Think of those situations when you find yourself looking through windows at the private lives of other people. Walks through small towns or suburban neighborhoods at night or in the evenings, when the lights are on in the homes you pass but the curtains are undrawn; certain units in apartment buildings right across the way from the one you live in, where the goings on inside are as open and exposed as your own; the houses of your neighbors, whose routines become as familiar to you as the ones you are performing when you see theirs. And think of those moments when it is just fine that this is the case, when perhaps you exchange a friendly wave to the neighbor as you each wash your dishes; or the other apartment dweller smiles sheepishly but without resentment when you happen to glimpse her not quite fully dressed upon her abrupt entrance into your field of vision; or when you are in the situation of having been spotted because you were the one who neglected to pull the shades, or who didn’t care. And think about those other moments when your gaze chanced upon something in your suburban walk and lingered a little too long; or you wondered just what it was that was happening; or you envied what you saw; or the thought crossed your mind that maybe you ought to call the police.

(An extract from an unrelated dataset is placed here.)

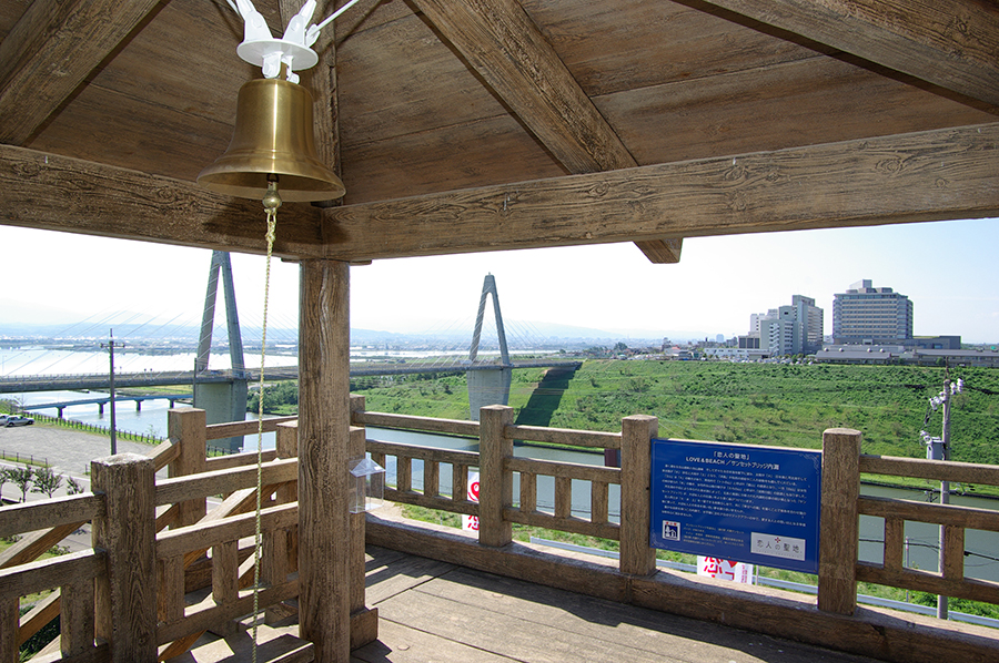 「幸せへの鐘」や「ダブルハート」がある見晴らし台は、西に爽やかな潮風が気持ちよい内灘海岸、東には野鳥の楽園である河北潟、快晴の日には立山連峰から白山まで見渡せる360度絶景のスポットです。

Think about all that and saunter into HABIT, an art installation cum theater piece by David Levine at the Essex Street Market, in which a banal domestic drama is performed on a loop eight hours a day in the shell of an American ranch style house through whose windows one can peer and overhear. There’s a past and current vogue of theatrical experimentation that allows audiences to choose their own routes and vantage points, the Macbeth pastiche Sleep No More being a particularly well-publicized example. In HABIT, you choose when you come and go, how long you stay, which windows – if any – you look through and for how long. I went from window to window for half an hour or so, found it interesting that I was able to do so, noted such intriguing features as the culturally revealing tension between the second hand furniture that was decades old and the computers and cell phones used by the characters, observed some furtive goings on in a bedroom, found the life I was peeking in on to be exceptionally squalid and unappealing, and left thinking that the whole exercise was a rousing success.

The standard line is that the audience doesn’t “participate” in HABIT as they do in, say, Sleep No More, and it is true that we can’t enter the playing area and don’t run around wearing suggestively ghostly masks. But that we are there is clearly part of the performance. I am sure that I was glimpsed at one time by one of the actors, who by sheer coincidence entered a room I was idly observing for the ostensible purpose of changing clothes. And when I saw across the width of the living room all those faces gazing in on the sad drama I was witnessing from the other side, the image that for all the world it recalled to me was of the Eumenides watching over the household in Eliot’s Family Reunion. So go by if you are inclined (admission is free and it runs until Sunday), feel a little guilty for your voyeurism, admire the actors for their remarkable focus, and cast a benign gaze on the whole thought provoking affair.